*Task brief*
Starting at the line that contains "Rayburn College hosted" and stopping at the line that contains "With 208 refined", restate each line of the records below exactly. Omit the pictures.

(Data supplied Opens)

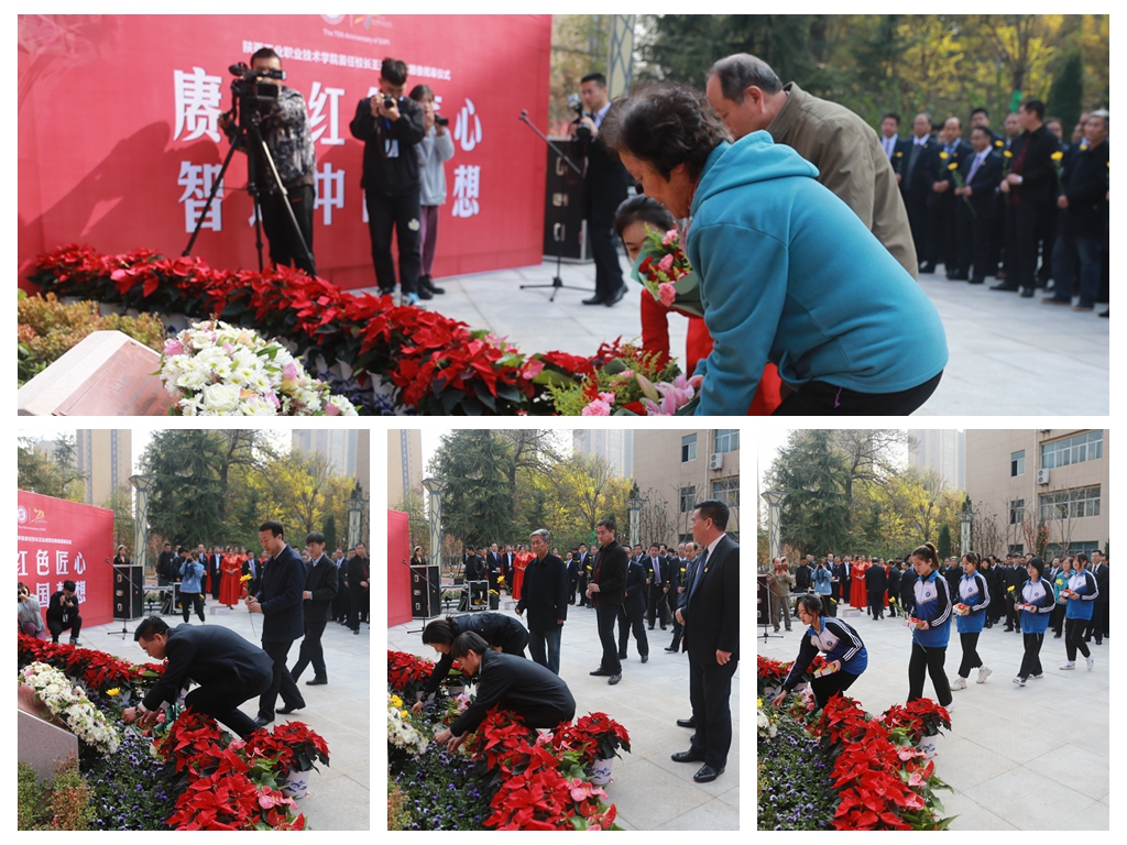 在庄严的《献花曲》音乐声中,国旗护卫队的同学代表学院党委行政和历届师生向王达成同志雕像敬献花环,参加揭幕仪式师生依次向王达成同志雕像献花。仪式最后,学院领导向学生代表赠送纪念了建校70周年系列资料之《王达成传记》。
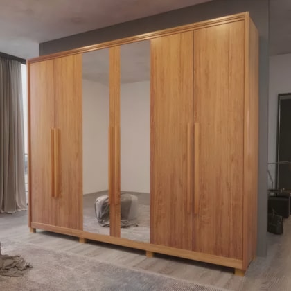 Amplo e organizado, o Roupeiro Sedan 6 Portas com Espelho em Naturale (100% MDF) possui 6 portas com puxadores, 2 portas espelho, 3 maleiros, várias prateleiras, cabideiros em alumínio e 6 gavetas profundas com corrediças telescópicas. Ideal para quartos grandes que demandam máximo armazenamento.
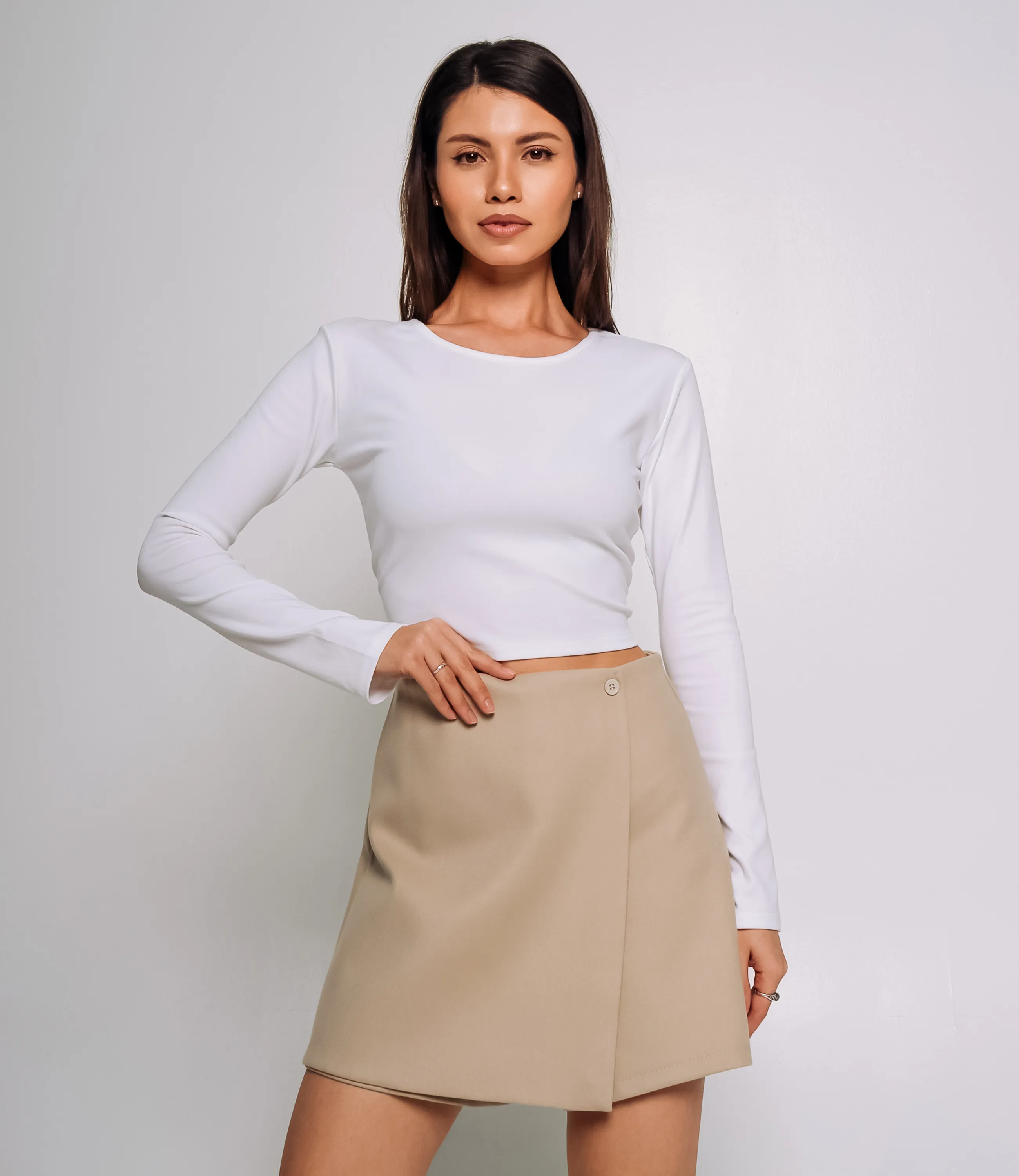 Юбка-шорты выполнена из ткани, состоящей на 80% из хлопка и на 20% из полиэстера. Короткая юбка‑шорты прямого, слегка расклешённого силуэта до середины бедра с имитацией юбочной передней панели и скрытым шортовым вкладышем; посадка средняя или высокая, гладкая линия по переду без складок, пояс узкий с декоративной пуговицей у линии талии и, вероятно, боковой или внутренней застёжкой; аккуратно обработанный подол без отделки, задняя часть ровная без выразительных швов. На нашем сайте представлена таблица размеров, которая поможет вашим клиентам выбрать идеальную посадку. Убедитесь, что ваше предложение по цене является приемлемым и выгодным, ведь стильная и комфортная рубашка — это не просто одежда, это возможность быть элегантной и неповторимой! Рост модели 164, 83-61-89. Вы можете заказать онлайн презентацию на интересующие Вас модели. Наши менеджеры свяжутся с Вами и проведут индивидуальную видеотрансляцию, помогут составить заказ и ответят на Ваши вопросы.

(Data supplied Closes)
(Data supplied Opens)

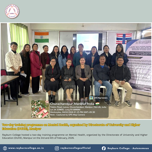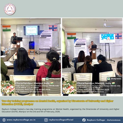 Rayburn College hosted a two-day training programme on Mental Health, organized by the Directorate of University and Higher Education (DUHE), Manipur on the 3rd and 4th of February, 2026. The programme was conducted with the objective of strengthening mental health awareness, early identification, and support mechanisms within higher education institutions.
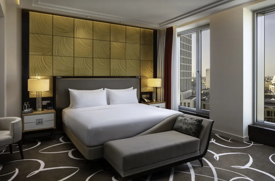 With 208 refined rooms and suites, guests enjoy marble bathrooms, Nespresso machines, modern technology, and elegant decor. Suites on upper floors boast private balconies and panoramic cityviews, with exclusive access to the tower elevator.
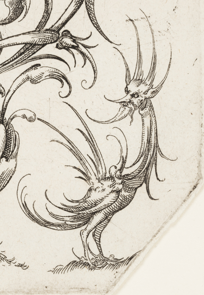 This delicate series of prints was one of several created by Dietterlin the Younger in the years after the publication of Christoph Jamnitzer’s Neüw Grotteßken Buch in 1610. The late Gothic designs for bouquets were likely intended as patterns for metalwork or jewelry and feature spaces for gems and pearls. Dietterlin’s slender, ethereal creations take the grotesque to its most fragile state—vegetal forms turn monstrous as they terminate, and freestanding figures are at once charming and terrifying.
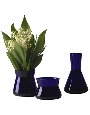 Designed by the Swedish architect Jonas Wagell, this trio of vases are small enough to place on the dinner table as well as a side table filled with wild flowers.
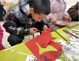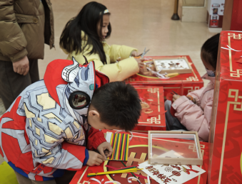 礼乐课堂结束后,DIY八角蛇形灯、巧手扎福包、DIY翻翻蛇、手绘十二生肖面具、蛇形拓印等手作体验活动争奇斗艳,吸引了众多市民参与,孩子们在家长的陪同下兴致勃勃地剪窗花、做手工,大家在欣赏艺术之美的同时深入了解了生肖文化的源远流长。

(Data supplied Closes)

*Response to this task*
 Rayburn College hosted a two-day training programme on Mental Health, organized by the Directorate of University and Higher Education (DUHE), Manipur on the 3rd and 4th of February, 2026. The programme was conducted with the objective of strengthening mental health awareness, early identification, and support mechanisms within higher education institutions.
 With 208 refined rooms and suites, guests enjoy marble bathrooms, Nespresso machines, modern technology, and elegant decor. Suites on upper floors boast private balconies and panoramic cityviews, with exclusive access to the tower elevator.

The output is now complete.